[Problem]
Nothing but the pictures should be left out when you copy the records exactly.

------ Material provided ------

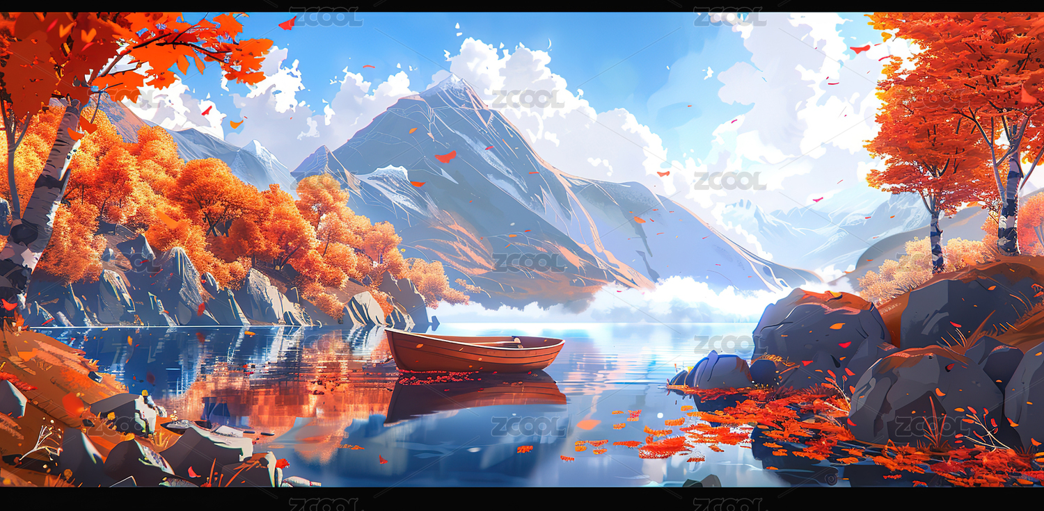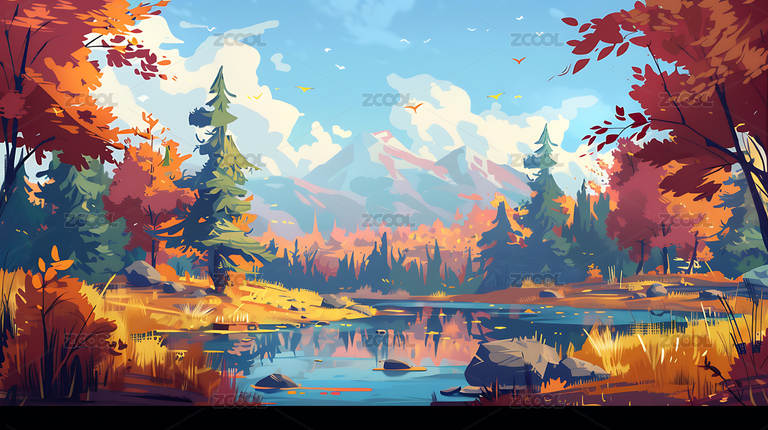 自然,户外,树,风景,高山,地形,水,插画,秋天,落叶
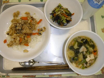 とよま丼 ひじきサラダ どさんこ汁 牛乳
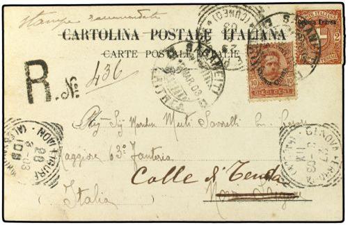 1903 Real photograph postcard sent registered bearing 1898 2 c. red brown and 10 c. claret overprinted tied by Saganetti cds´s. Readdressed on arrival in Italy. A scarce usage. Scott 13,15.
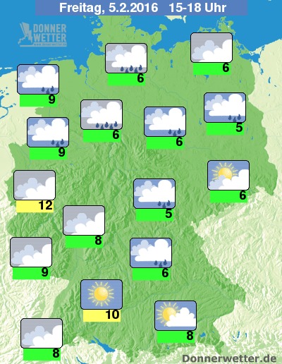 Heute Nachmittag ist es im Süden oft heiter oder sonnig, dazu bleibt es auch weitgehend trocken. Im übrigen Bundesgebiet ziehen dagegen weitgehend dichte Wolken durch und es fällt zeitweise Regen. Die Temperatur steigt auf 5 Grad an der Müritz und bis 12 Grad in Bonn.
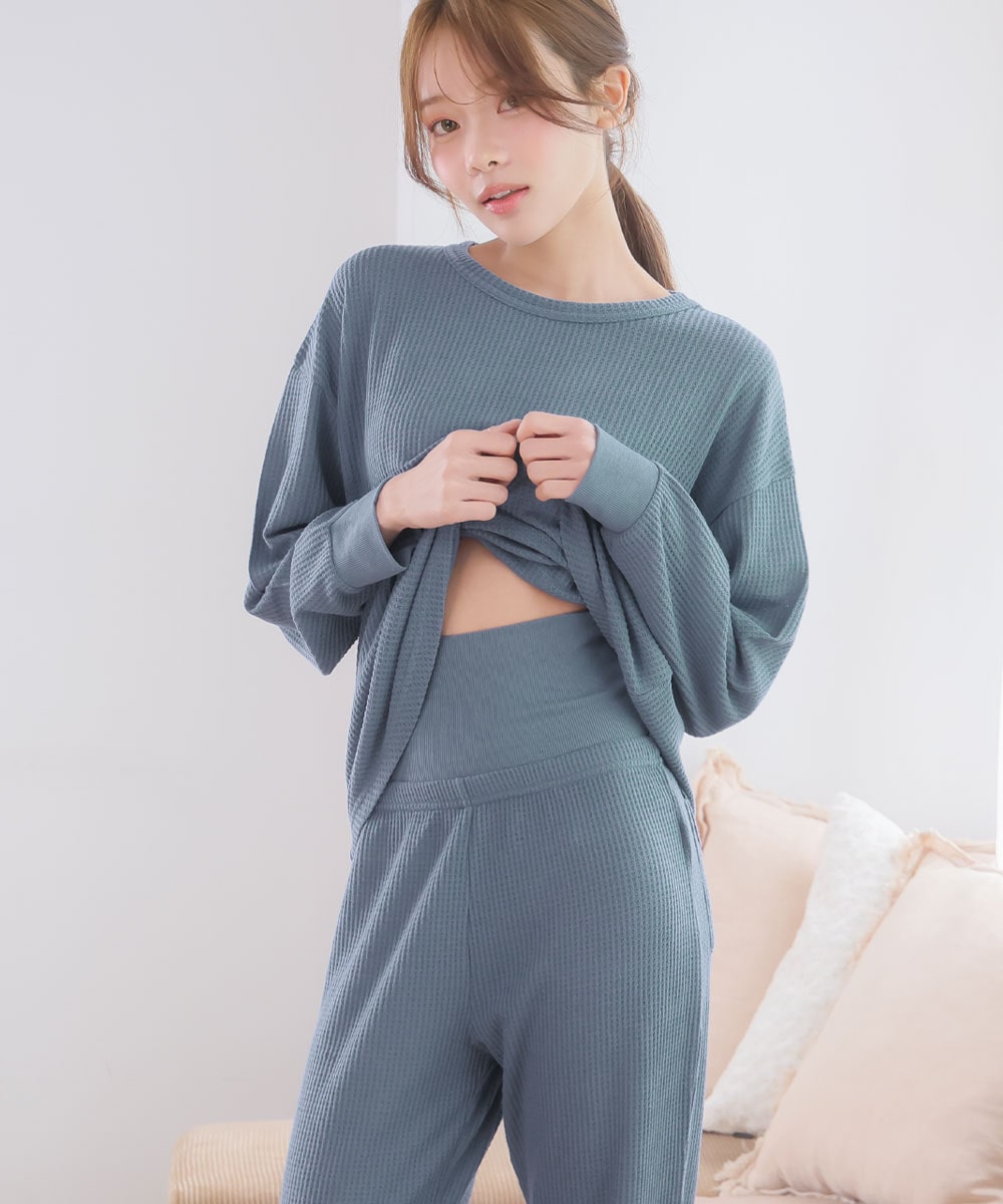 ふんわりワッフル 腹巻付き 長袖 上下セット
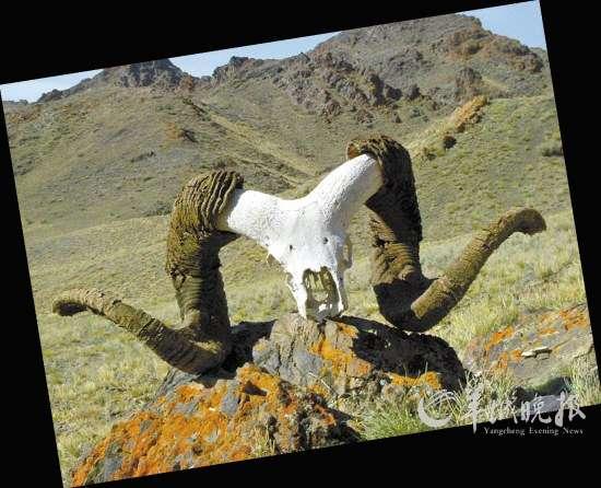 盘羊角,盘羊是雪豹的主要猎物,哪里有盘羊,哪里就有雪豹

------

[Exercise answer]
 自然,户外,树,风景,高山,地形,水,插画,秋天,落叶
 とよま丼 ひじきサラダ どさんこ汁 牛乳
 1903 Real photograph postcard sent registered bearing 1898 2 c. red brown and 10 c. claret overprinted tied by Saganetti cds´s. Readdressed on arrival in Italy. A scarce usage. Scott 13,15.
 Heute Nachmittag ist es im Süden oft heiter oder sonnig, dazu bleibt es auch weitgehend trocken. Im übrigen Bundesgebiet ziehen dagegen weitgehend dichte Wolken durch und es fällt zeitweise Regen. Die Temperatur steigt auf 5 Grad an der Müritz und bis 12 Grad in Bonn.
 ふんわりワッフル 腹巻付き 長袖 上下セット
 盘羊角,盘羊是雪豹的主要猎物,哪里有盘羊,哪里就有雪豹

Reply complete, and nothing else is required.